Ich würde gerne das VB per Klick auf einen Command Button die TextBox ausliest und dann den Wert an einen SendKeys Befehl übergiebt.

Klartext:
Benutzer giebt Zahl 33 in eine TextBox ein . Dann Klick er auf den CommandButton TextBox wird ausgelesen
und der SendKeys "33" Befehl wird ausgegeben.


----------



## Elvan (1. Dezember 2007)

Verstehen tu ich deinen Beitrag nicht, aber auf Textinhalte kannst Du über Text1.Text zugreifen.


----------



## AirsoftDivisionHRO (1. Dezember 2007)

QuellText
SendKeys = Text1.Text
Resultat:
"Argument nicht optional


----------



## eXus49 (3. Dezember 2007)

war das nicht:

SendKeys(Textbox1.Text)


----------



## AirsoftDivisionHRO (7. Dezember 2007)

Dann giebt er: TextBox1.Text aus.


----------



## RudolfG (7. Dezember 2007)

AirsoftDivisionHRO hat gesagt.:


> Dann giebt er: TextBox1.Text aus.



Welchen Typ erwartet "SendKeys"? Ist es int(Ganz Zahl)?

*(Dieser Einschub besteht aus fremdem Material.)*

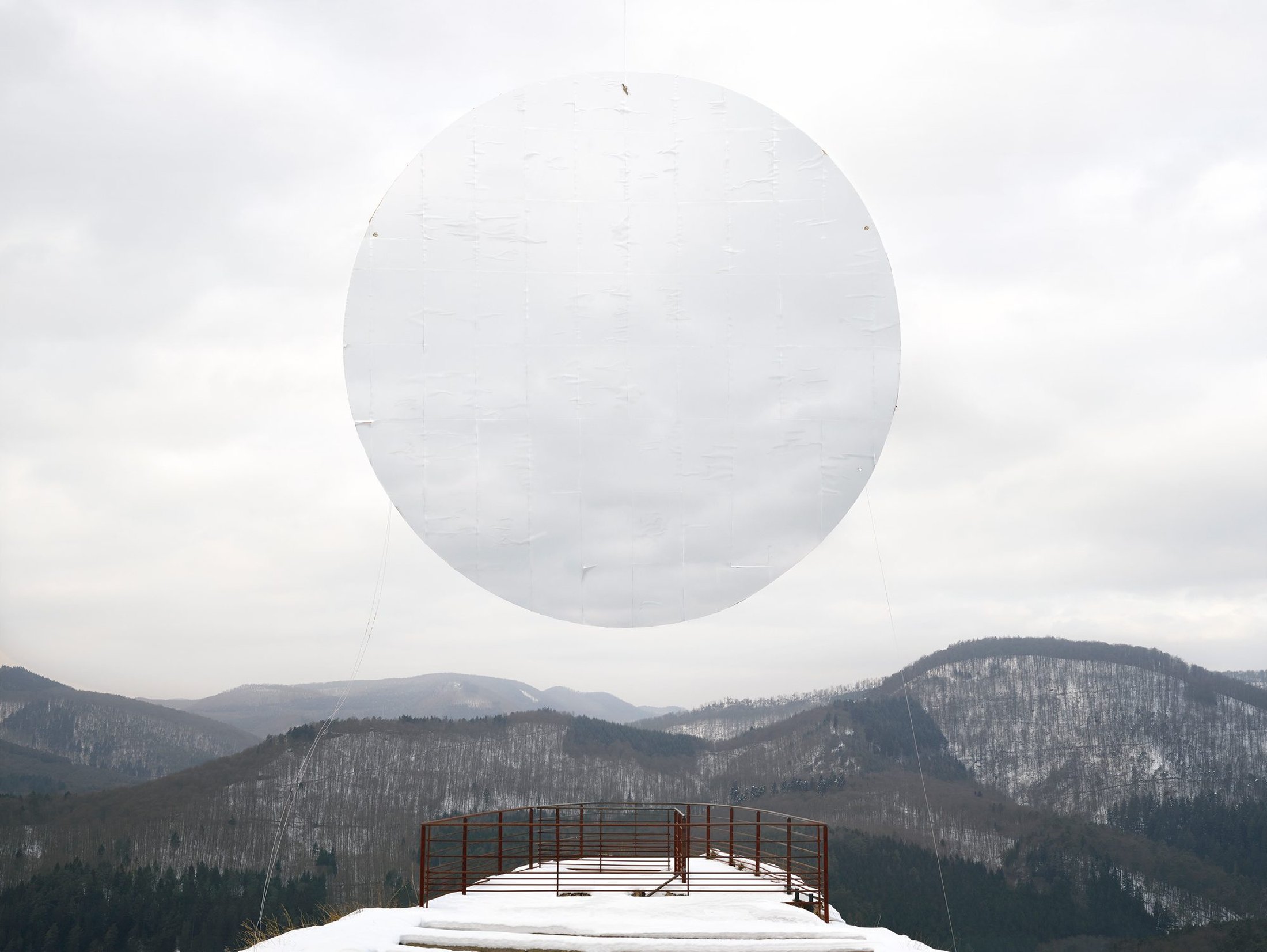 The majority of images focus on a central circle or abstract monument. The focal point of our curious eyes is held, enticingly, by a massive object that hangs in the frame thanks only to the flimsy support of delicate string. These embedded structures reveal a telling relationship between mankind and mother nature: our irrepressible imagination leads us to actively recreate and replicate elements of the world around us but at the same time, our insignificant creations are dwarfed by the true expanse of the ever-expansive natural world.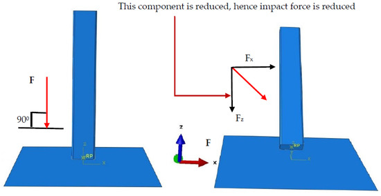 The projectile’s incident angle significantly influences the impact force and the maximum and residual deflection in the targeted plate [38]. The sensitivity analysis showed that the maximum impact force results when the projectile hits the target normally at 90°. When the angle of impact was reduced by 50%, i.e., from 90° to 45°, the impact force was reduced by approximately 84.5% (see Figure 15). This is because when the impact is at an angle, the force is resolved into horizontal and vertical components, causing a reduction in the impact force (see Figure 23). As Equation (11) suggested, the geometry (dimensions) of the projectile hitting the plate has a significant influence on the contact stiffness Ke, which ultimately affects the impact force. When the impact is at an angle, the area of contact stiffness between the projectile and the target plate is reduced, which results in reducing the impact force.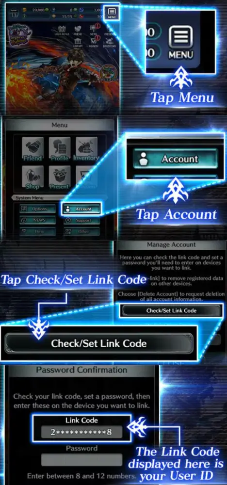 3. In the Menu, tap the Account icon, then select "Check/Set Link Code".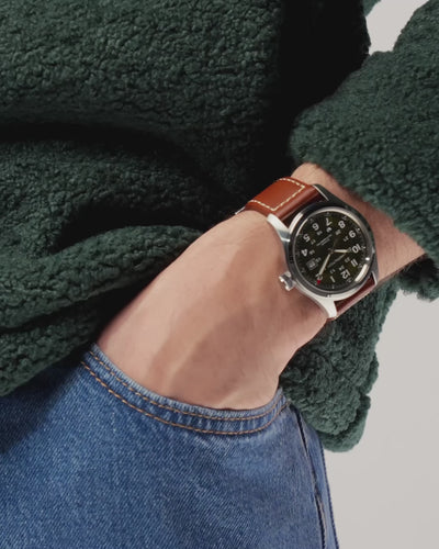 Inspirée de la montre originale des soldats, la Khaki Field Automatic allie héritage militaire et design contemporain, offrant une grande polyvalence aux pionniers modernes. Associant un cadran bleu marine soleil à un effet escargot sur la lunette des heures, le cadran reflète la lumière tout en offrant texture et profondeur. Conçu pour l'action et construit pour l'aventure, le calibre automatique exclusif H-10 offre jusqu'à 80 heures de réserve de marche, vous garantissant qu'il ne vous laissera pas tomber.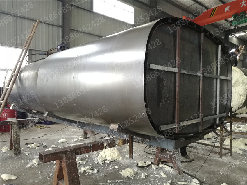 保溫熱水運與普通灑的區別,就是在水罐體外多加了一道保溫層。保層溫的制作是在水罐外部另外焊接10mm厚的支撐骨架,然后用保溫材料將骨架內部填充滿,*后在骨架外蒙上一層外皮。保溫層外表鐵皮采用8mm厚高強度耐磨板,可選擇使用不銹鋼分鏡面8K或磨砂板。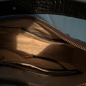 Gently used - looks like new - black adjustible 13" shoulder strap bag with zipper enclosure, exterior side zip pocket, interior organizer pocket, interior zip pocket, pen loop and key clip.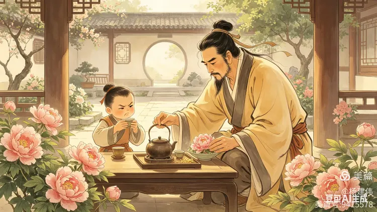 茶席間,有人吟詩:「穀雨春光曉,山川黛色青。葉間鳴戴勝,澤水長浮萍。」有人撫琴,琴聲悠揚,如泉水叮咚。孩子們則圍在旁邊,好奇地看著茶具,偶爾偷喝一口茶,皺著眉頭說:「苦!」引得眾人大笑。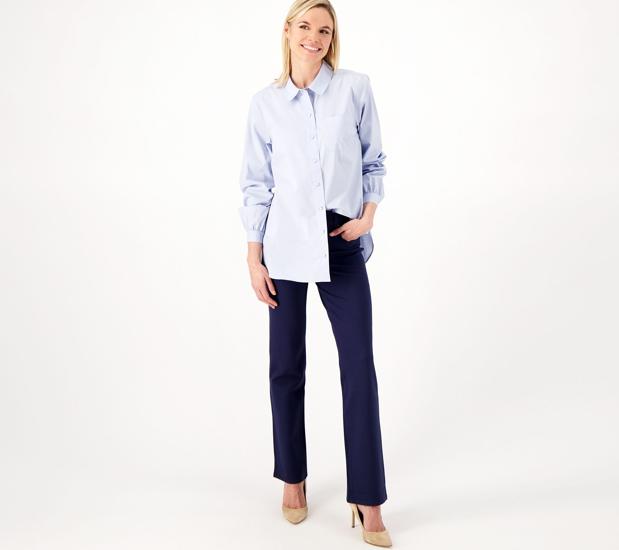 Not just for big-time meetings in the board room, this snap-front tunic can be paired with jeans and heels for a low-key yet stylish night out. From Isaac Mizrahi Live!TM.

Wenn ja dann musst du den Inhalt der Textbox zuerst in das entsprechende Format kovertieren und dann an SendKeys übergeben. Wie das in VB funktioniert weiß ich aber nicht.


----------



## Dörti.Hermi (8. Dezember 2007)

nach int konvertieren geht so: CInt(...)

lg


----------